If the service isn’t running on a Kubernetes cluster it might seem unnecessary to have both liveness and readiness endpoints. Both can still be helpful if the architecture of the service includes the widely used Autoscaling Group (ASG) and Target Group (TG)/Application Load Balancer (ALB) structure.
The liveness endpoint would be utilized by an ASG health check. The ASG would poll the endpoint periodically but at a larger interval than the readiness endpoint. It’s polled this less often because a major event should occur before we remove the instance from the ASG due to this endpoint going away or reporting unhealthy. With proper setup, the readiness endpoint should report unhealthy and be removed from getting work before the instance is removed from service.

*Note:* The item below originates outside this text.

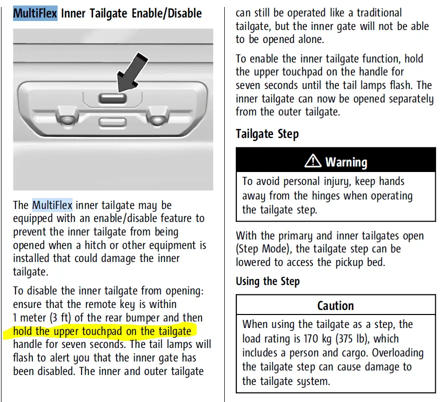 I held just the top button for 7 seconds (with the key fob in my pocket) and it toggles between lockout and regular function of the top section of the multiflex tailgate.THANK YOU... I was just trying to figure out why my top section just stopped working!!!
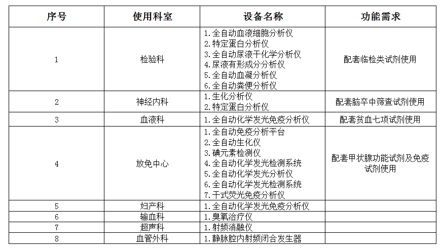 根据工作需要,21点技巧中心 医学装备部拟对以下医疗设备开展调研,欢迎相关设备厂家进行产品介绍,请将产品及配套耗材资料、资质、联系方式等信息发送至指定邮箱。

The readiness endpoint should be polled by the AWS Target Group that provides instances to the Application Load Balancer (ALB) for the service. The polling should happen more often at a shorter interval to help reduce the number of requests that are sent to an unhealth service and result in an error to the user (or ideally a slight delay as another request is attempt and successful with another instance of the service).
Why Not Use a Single Endpoint?
A single endpoint could be used but having two endpoints allows for additional flexibility in how the local service can control the actions of the remote services that are watching it without requiring access to those components (i.e. API credentials).

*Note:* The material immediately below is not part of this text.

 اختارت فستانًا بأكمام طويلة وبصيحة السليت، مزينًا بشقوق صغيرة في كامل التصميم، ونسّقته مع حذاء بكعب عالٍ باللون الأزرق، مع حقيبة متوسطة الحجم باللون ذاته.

When failures can be helpful
There are times where we might want to fail a service on purpose such as to slowly deploy a new version of our service. With two endpoints, we are able to remove the instance from the LB without worrying about a long deploy causing the instance to terminate before the new version of the service can start up and be report as successful.

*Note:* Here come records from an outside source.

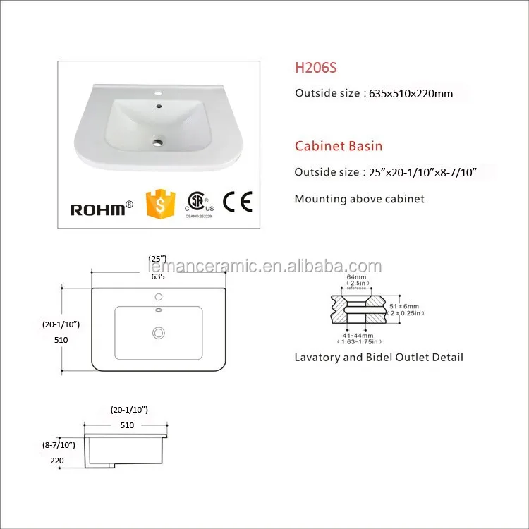 | Product Name | H206S Cabinet basin | Size | 25"*20-1/10"*8-7/10" |
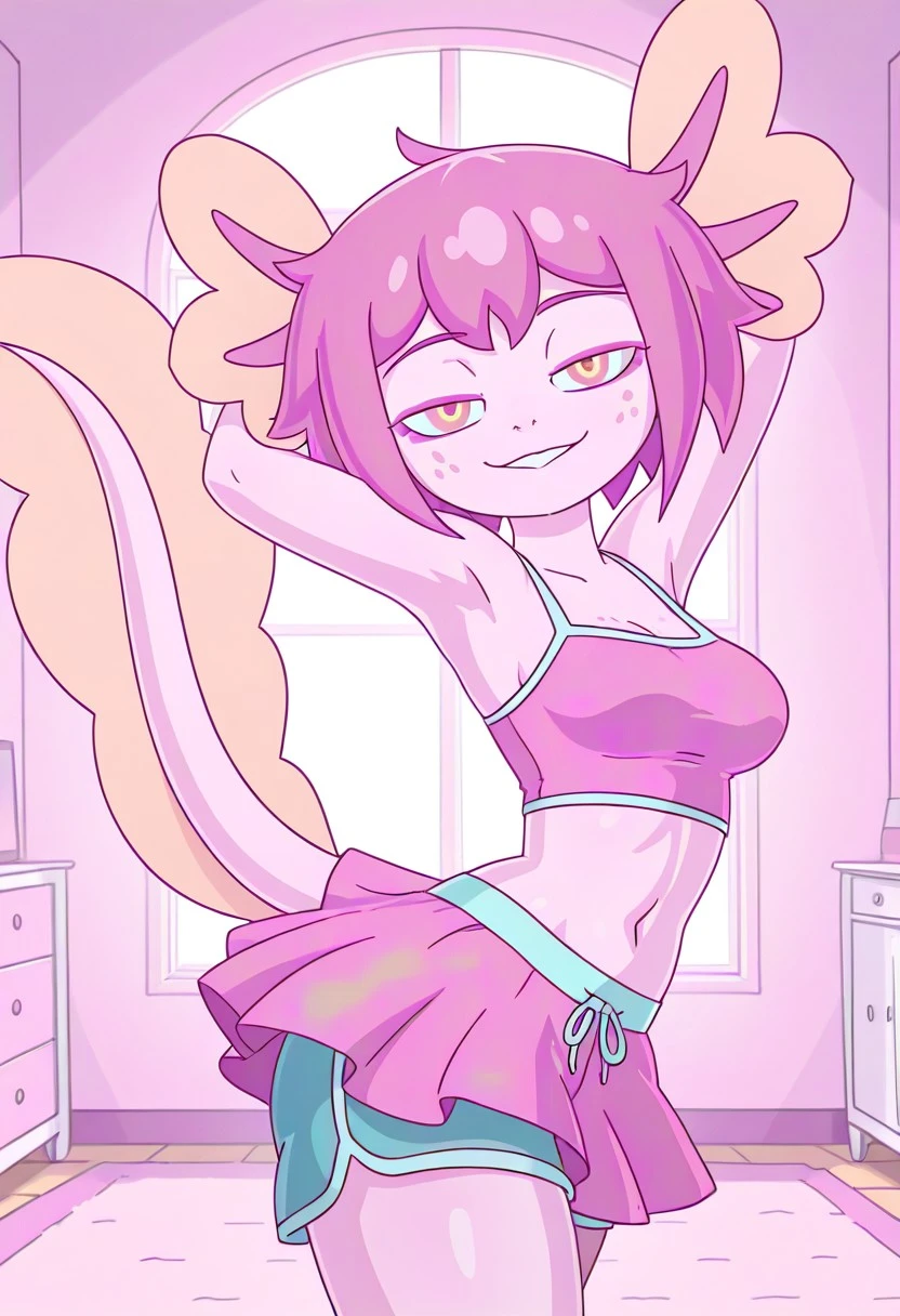 vitzyv1,1girl, pink skin, pink hair, freckles,antho axolotl,Axolotl tail,freckles, membranous tail, membranous external gills,
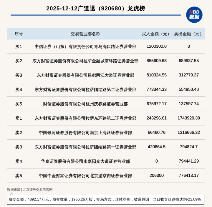 每经讯,2025年12月12日,北交所上市公司广道退(920680,收盘价:2.17元)登上龙虎榜,交易方式是连续竞价,披露原因是当日收盘价跌幅达到-21.09%,成交数量1956.26万股,成交金额4892.17万元。买一席位为中信证券(山东)有限责任公司青岛海口路证券营业部,买入120.03万元;卖一席位为东方财富证券股份有限公司拉萨东环路第二证券营业部,卖出174.39万元。
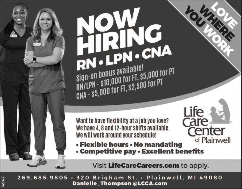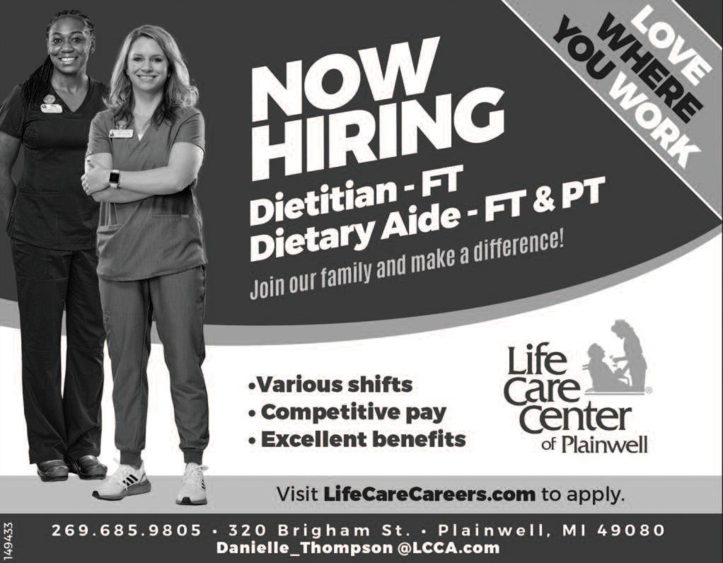 COMMUNITY SHOPPERS GUIDE OTSEGO, MI 49078 June 10, 2023 Phone 694-9431 Tim Andrus AAMS Financial Advisor 113 E Allegan St Otsego, MI 49078 269-692-2280 By appointment on y Ginger Titus CFP®, AAMS Financial Advisor 711 E Allegan St Otsego MI 49078 269-694-1548 By appo ntment only Morgan Yaw CFP®, AAMS Financial Advisor 101 S Ma n St Plainwell MI 49080 269-685-1181 By appo ntment on y edwardjones com Member SIPC Worried about your retirement savings? We can help. S e r v ic e Yo u C a n Tr u s t - S in c e 1 9 8 0 ! 1437 E. M-89 • OTSEGO (269) 694-9879 MONDAY-FRIDAY 8AM-5PM WE ARE ALWAYS ACCEPTING NEW CUSTOMERS! IL CHANGE • TIRES • BATTERIES • TRANSMISSION • A/C REPAIR • EXHAUST • USED ENGINES • FRONT END ALIGNMENTS • FULL ENGINE REPAIRS www.harring tonauto.com AR E YOU COOL E NOUG H TH IS SU M M E R? C O U P O N $20 00 O F F A/C Refill Expires: 6/30/23 Some restr ctions apply Cannot be combined w th any other coupon or specia s WE CARRY MOST Major Brands of TIRES FREE L i fe t i m e T i r e R o t a t i o n with purchase of a set of 4 tires CLEARANCE LIQUIDATION WHILE SUPPLIES LAST After The Sale It’s The Ser vice That Counts! Monday-Friday 8-5, Saturday 9-1 26TH AT M-89 • ALLEGAN • 269-673-8736 IfItDoesn’tSay Joe’s YouPaidTooMuch! www JoesLawnandGarden com Al sale pr ces are cash pr ce Cred card and financ ng fees could affect price See dealer for deta ls While suppl es last Was $3,299 $2,9 9 9 Zero Turn Z246 20HP Endurance V-Twin Heavy Duty Reinforced Deck 10 Year Limited Warranty Was $3,595 $3,19 9 Zero Turn Z254 Kohler 7000 Twin Engine 15” seat, 6 5mph Greasable Mowing deck 54” HD Deck 10 Year Limited Warranty $5,395 Zero Turn MZ-61 61” Fabricated Deck 27hp Endurance 4 Year Limited Warranty FREE Deliver y in Southwest Michigan! 3 Left! 4 Left! 6 Left! PERSONAL INSURANCE SALES BShearer@nulty.com HOME • AUTO • LIFE NULTY INSURANCE 354 W Allegan Street Otsego, MI 49078 nulty com P l a i n w e l l , M I Services

The steps for a deployment could look like the following:
- A subset of instances are choosen that will run the new version of our service.
- The version of the service is updated for the subset of instances in a central location.
- The change is noticed and the service is terminated by the OS. a. The service catches the signal from the OS and begins the shutdown process for the service. b. The API endpoint should be finish in-flight requests as normal (up to a timeout period). c. The readiness health endpoint begins returning a failure status such as a HTTP 500 code. The liveness health endpoint continues to return a successful response because the service is still running. d. The instance is marked as unhealthy by the load balancer and stops getting requests. e. The service hits an internal timeout period or notices that it no longer has an in-flight requests and terminates.
- The OS starts the service up with the newer version of the service. a. The service starts up and initializes the health endpoint. b. The liveness endpoint is actived and begins returning a healthy status. c. The services sets up its dependencies so that it is ready to take on work. d. The API endpoint for the service is started. e. The readiness endpoint is marked as successful to be picked back up by the load balancer.
- The new version of the service is running behind the ALB and the process can be repeated with additional instances.
By being able to utilize both endpoints, we can deploy our software without errors on the client side while also making sure that we don’t cause additional delay by creating a new set of instances. With a single endpoint, we would most likely cause our instances to become unhealthy and roll when we deploy to them as we’d hit the failure on the health at both pollers.
Ending thoughts
Hopefully this provides a basic understanding of why a health endpoint is useful and how it can be used to better operate a service. There are additional possibilities that could be added that make the endpoint as needed.